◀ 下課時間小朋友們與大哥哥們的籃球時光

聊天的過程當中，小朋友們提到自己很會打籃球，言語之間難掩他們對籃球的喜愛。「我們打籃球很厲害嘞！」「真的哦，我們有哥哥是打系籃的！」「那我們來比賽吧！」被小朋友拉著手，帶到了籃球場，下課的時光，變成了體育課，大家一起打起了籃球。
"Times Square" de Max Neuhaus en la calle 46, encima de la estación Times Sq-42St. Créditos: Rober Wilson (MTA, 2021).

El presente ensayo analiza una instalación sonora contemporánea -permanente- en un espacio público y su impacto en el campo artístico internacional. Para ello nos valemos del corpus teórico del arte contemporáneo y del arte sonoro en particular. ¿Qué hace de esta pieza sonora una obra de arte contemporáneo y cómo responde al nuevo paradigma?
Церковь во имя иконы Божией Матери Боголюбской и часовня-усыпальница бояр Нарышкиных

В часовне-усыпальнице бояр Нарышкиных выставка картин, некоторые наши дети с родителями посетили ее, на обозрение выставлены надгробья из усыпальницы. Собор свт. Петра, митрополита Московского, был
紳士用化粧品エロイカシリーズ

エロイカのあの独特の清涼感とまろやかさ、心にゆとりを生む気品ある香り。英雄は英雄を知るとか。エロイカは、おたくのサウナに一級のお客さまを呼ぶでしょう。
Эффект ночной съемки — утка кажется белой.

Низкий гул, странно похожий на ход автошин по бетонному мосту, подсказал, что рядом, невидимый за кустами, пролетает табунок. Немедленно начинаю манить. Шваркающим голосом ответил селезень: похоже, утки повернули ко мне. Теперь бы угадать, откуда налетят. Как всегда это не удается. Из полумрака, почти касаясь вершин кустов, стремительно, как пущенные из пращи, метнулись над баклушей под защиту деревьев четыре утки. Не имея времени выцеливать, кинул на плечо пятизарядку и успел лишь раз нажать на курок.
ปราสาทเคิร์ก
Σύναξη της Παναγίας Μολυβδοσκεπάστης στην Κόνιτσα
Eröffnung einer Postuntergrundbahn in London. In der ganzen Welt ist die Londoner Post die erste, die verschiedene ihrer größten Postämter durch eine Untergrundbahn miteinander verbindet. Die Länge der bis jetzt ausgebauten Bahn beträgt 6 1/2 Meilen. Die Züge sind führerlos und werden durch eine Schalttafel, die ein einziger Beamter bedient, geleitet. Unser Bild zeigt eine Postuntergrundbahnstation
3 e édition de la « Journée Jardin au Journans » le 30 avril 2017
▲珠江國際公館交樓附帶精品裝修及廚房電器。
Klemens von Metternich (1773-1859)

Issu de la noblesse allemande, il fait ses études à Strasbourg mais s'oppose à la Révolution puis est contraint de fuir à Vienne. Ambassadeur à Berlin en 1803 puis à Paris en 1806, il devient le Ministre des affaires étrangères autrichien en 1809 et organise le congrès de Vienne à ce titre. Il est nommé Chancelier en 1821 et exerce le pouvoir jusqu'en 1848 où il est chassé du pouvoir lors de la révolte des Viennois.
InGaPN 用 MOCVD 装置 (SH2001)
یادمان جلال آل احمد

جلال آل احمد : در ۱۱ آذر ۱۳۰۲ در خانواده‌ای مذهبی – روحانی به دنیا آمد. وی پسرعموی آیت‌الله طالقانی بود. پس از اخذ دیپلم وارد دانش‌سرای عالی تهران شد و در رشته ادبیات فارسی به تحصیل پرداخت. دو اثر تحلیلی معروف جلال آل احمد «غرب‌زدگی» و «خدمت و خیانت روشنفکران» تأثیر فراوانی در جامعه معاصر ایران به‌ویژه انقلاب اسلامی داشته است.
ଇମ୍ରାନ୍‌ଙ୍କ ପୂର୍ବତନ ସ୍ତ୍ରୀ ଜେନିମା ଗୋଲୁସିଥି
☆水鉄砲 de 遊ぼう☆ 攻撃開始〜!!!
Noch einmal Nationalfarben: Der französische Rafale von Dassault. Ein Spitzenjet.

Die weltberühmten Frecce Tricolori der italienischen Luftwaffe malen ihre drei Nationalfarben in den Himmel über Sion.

● ● ● ● ● ● ●

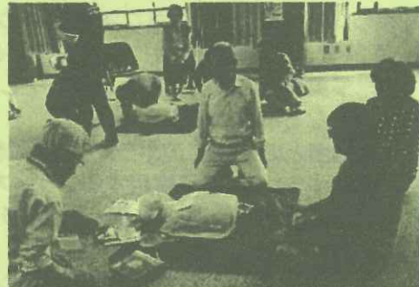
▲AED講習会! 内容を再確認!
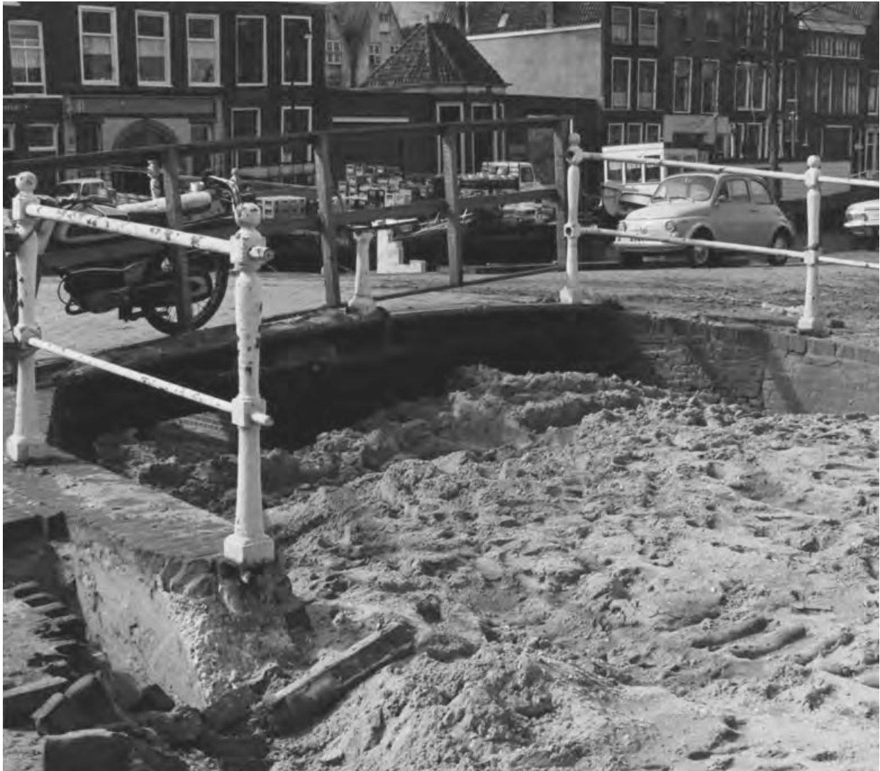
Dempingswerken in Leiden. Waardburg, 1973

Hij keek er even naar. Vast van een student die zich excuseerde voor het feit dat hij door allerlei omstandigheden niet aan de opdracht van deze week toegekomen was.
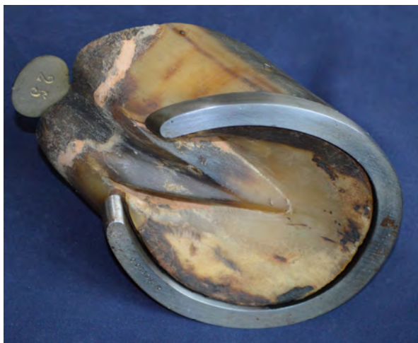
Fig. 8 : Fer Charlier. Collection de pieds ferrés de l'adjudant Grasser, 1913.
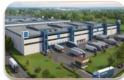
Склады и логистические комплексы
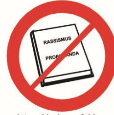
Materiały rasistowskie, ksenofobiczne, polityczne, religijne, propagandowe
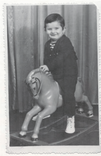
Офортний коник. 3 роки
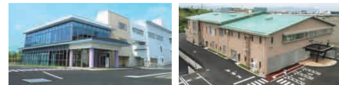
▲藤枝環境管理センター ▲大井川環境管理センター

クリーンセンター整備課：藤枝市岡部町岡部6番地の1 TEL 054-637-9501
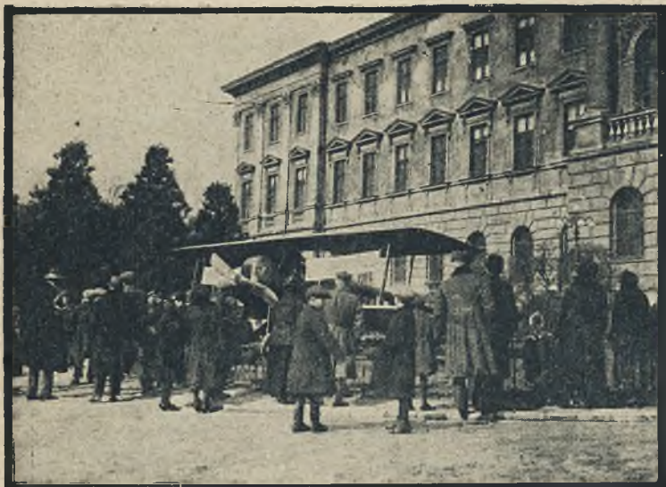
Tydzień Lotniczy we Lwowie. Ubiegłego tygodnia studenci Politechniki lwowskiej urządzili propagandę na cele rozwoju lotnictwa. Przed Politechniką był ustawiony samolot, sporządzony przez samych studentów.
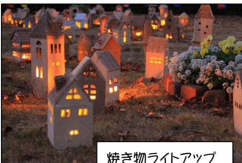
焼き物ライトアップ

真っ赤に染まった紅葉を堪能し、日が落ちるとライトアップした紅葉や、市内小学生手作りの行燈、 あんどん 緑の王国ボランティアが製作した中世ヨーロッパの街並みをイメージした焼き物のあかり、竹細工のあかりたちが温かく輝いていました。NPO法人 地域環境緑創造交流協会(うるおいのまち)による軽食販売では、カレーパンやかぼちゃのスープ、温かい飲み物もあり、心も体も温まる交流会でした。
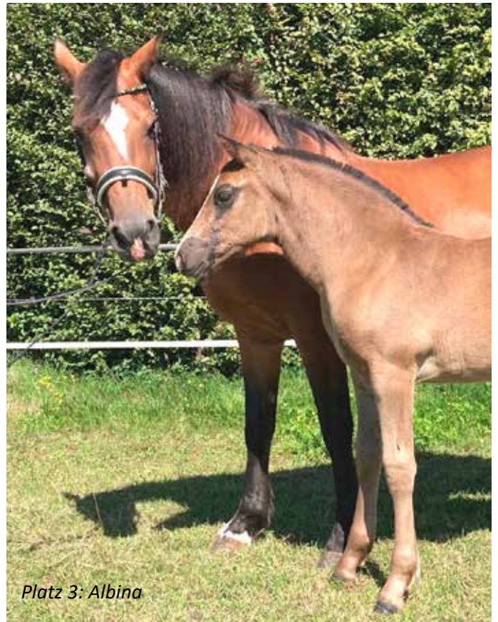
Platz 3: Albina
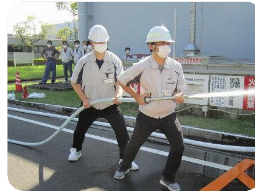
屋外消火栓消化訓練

● ● ● ● ● ● ●

▶ _PROBLEM STATEMENT_
In the entries above, please find the line with "В часовне-усыпальнице бояр" and the line with "エロイカのあの独特の清涼感と", then write out exactly those two lines and every line between them, and nothing more.

▶ _EXERCISE SOLUTION_
В часовне-усыпальнице бояр Нарышкиных выставка картин, некоторые наши дети с родителями посетили ее, на обозрение выставлены надгробья из усыпальницы. Собор свт. Петра, митрополита Московского, был
紳士用化粧品エロイカシリーズ

エロイカのあの独特の清涼感とまろやかさ、心にゆとりを生む気品ある香り。英雄は英雄を知るとか。エロイカは、おたくのサウナに一級のお客さまを呼ぶでしょう。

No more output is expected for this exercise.